For the data that follows, return each line unchanged and drop the pictures.

# # #

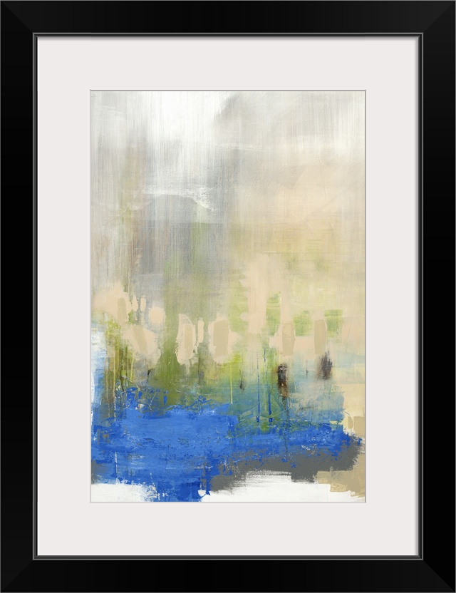 <p>Contemporary abstract painting with vivid blue on pale beige.</p>
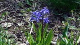 引き返すことも考えたが、左の急斜面の土手づたいに、なんとか反対側へ。土手から道に這い上がると、そこに大きな岩。その岩陰に、カタクリの花。しばらく行くと、もう一箇所、木が倒れて道をふさいでいた。ここを過ぎると右手に水仙が群生していた。久しぶりに、土筆も見た。
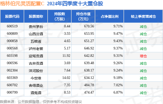 从基金规模来看,格林伯元灵活配置C基金2024年四季度公布的基金规模为0.65亿元,较上一期规模8978.77万元变化了-2448.52万元,环比变化了-27.27%。该基金最新一期资产配置为:股票占净值比94.76%,无债券类资产,现金占净值比8.75%。从基金持仓来看,该基金当季前十大股票仓位达88.86%,第一大重仓股为贵州茅台(600519),持仓占比为9.71%。
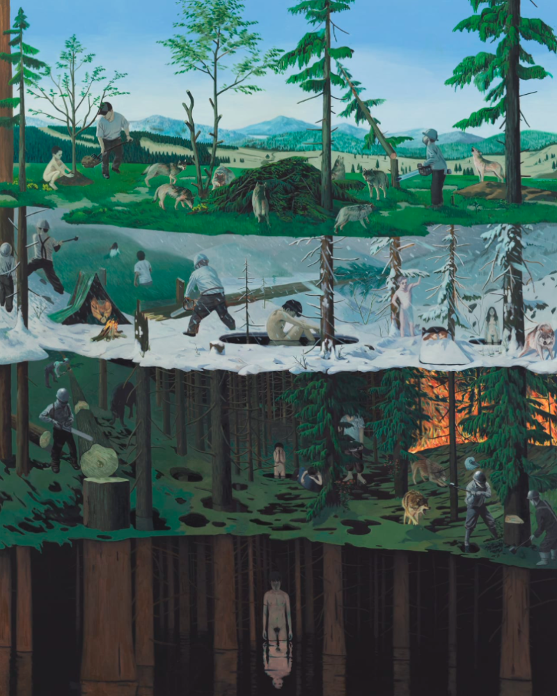 등단 소설가이기도 한 강철규(b.1990)가 작품의 모티브와 서사를 캔버스에 이식하는 과정은 하나의 이야기가 문자라는 체계 안에서 문학 작품으로 정착되는 과정과 유사하다. 회화를 매개로 언어가 가진 묘사의 한계 너머를 전유하게 된 등장인물들과 주변부는 활자화 된 스토리가 줄 수 있는 서사보다 더욱 풍부한 뉘앙스와 미묘한 계층 구도를 형성한다. 총 네 개의 장면이 수직으로 배열된 <관통(Penetration)>(2021)은 계절과 시간의 변화에 따라 숲의 생성과 파괴라는 무거운 주제를 섬세한 필치로 다루고 있는데, 마치 하나의 장편 소설이 압축된 듯 정교하게 배치된 개별 플롯의 상호 작용과 클라이맥스의 고저가 돋보인다.
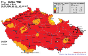 Z důvodu vysokých koncentrací prachových částic PM10 s ohledem na přechod saharského písku byla vyhlášena smogová situace v Kraji Vysočina a Jihočeském do odvolání. Večer

# # #

■ ANSWER TO THE PROBLEM
 <p>Contemporary abstract painting with vivid blue on pale beige.</p>
 引き返すことも考えたが、左の急斜面の土手づたいに、なんとか反対側へ。土手から道に這い上がると、そこに大きな岩。その岩陰に、カタクリの花。しばらく行くと、もう一箇所、木が倒れて道をふさいでいた。ここを過ぎると右手に水仙が群生していた。久しぶりに、土筆も見た。
 从基金规模来看,格林伯元灵活配置C基金2024年四季度公布的基金规模为0.65亿元,较上一期规模8978.77万元变化了-2448.52万元,环比变化了-27.27%。该基金最新一期资产配置为:股票占净值比94.76%,无债券类资产,现金占净值比8.75%。从基金持仓来看,该基金当季前十大股票仓位达88.86%,第一大重仓股为贵州茅台(600519),持仓占比为9.71%。
 등단 소설가이기도 한 강철규(b.1990)가 작품의 모티브와 서사를 캔버스에 이식하는 과정은 하나의 이야기가 문자라는 체계 안에서 문학 작품으로 정착되는 과정과 유사하다. 회화를 매개로 언어가 가진 묘사의 한계 너머를 전유하게 된 등장인물들과 주변부는 활자화 된 스토리가 줄 수 있는 서사보다 더욱 풍부한 뉘앙스와 미묘한 계층 구도를 형성한다. 총 네 개의 장면이 수직으로 배열된 <관통(Penetration)>(2021)은 계절과 시간의 변화에 따라 숲의 생성과 파괴라는 무거운 주제를 섬세한 필치로 다루고 있는데, 마치 하나의 장편 소설이 압축된 듯 정교하게 배치된 개별 플롯의 상호 작용과 클라이맥스의 고저가 돋보인다.
 Z důvodu vysokých koncentrací prachových částic PM10 s ohledem na přechod saharského písku byla vyhlášena smogová situace v Kraji Vysočina a Jihočeském do odvolání. Večer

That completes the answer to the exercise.